The traveller's guide to spectrum analysis

Here I am in Birmingham (UK) for a business trip and of course I brought the essential "traveller's radio spectrum analysis kit" with me:


  1. My new SMA Spectrum Analyzer 138MHz-4.4GHz
  2. A DVB-T/T2 USB receiver (PCTV nanoStick DVB-T2 292e)
  3. A DVB-T receiver with the RTL2832U/FC0012 chip and tuner, compatible with SDR#
  4. Two small antennas


The result:

With the SMA Spectrum Analyzer and my self written software I can take a quick glance at the interesting frequencies.
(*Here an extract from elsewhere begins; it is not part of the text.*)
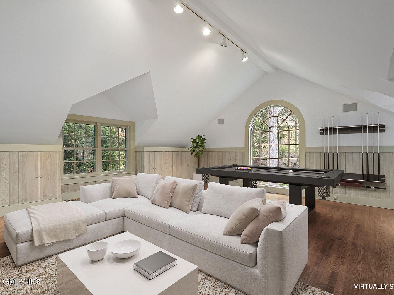 This spacious game room features a vaulted ceiling, accentuating the airy feel. Light walls complement the rich wooden flooring, creating a warm ambiance. A contemporary sectional sofa adorned with plush pillows invites relaxation, facing a sleek coffee table. Opposite the seating area, a stylish billiard table is showcased, well-positioned under multi-directional lighting. Natural light floods in through an elegant arched window, surrounded by greenery, enhancing the room’s tranquil atmosphere. Tastefully-designed cabinetry along the walls offers storage, while subtle decorative elements contribute to the room’s sophisticated yet cozy aesthetic, perfect for both entertaining and leisure activities.

Immediatly I can see where the DVB-T transponders are and find the best position for the antenna (horizontally, using the metallic lamp foot).


This is the BBC running:

Next a quick scan at radio frequencies, using SDR#:


Conclusion:

It is amazing how much monitoring power you can carry on your trips by just bringing with you two miniature DVB-T/T2 USB receivers and the small spectrum analyzer.
Global cost: under 100 Euro (not considering the laptop, of course).

10 years ago you would have to be a govermental lab to have this kind of resources to overview the radio frequency spectrum.

PS: You may ask yourself why I brought two DVB-T receivers...
The answer is very simple: because the one with the RTL2832U chipset uses the Zadig driver for SDR#, it cannot be used for DVB-T reception anymore, unless you change the driver. This is a pain to do and requires reboot of the operating system. 
It is much easier to just use a second DVB-T USB receiver that uses a different chipset! This way you can use one for radio scanning/spectrum analysis, while the other is used for DVB-T. The PCTV nanoStick DVB-T2 is very nice, because it supports both DVB-T and DVB-T2.
By the way: some cities in Germany have started DVB-T2 transmissions using HEVC/h.265. You will need a HEVC CODEC to decode these transmissions. Some will be PayTV. Hopefully I will be able to test it on my return flight via Frankfurt, but then again, I doubt that DVB-T2 can be received so far off the city centre.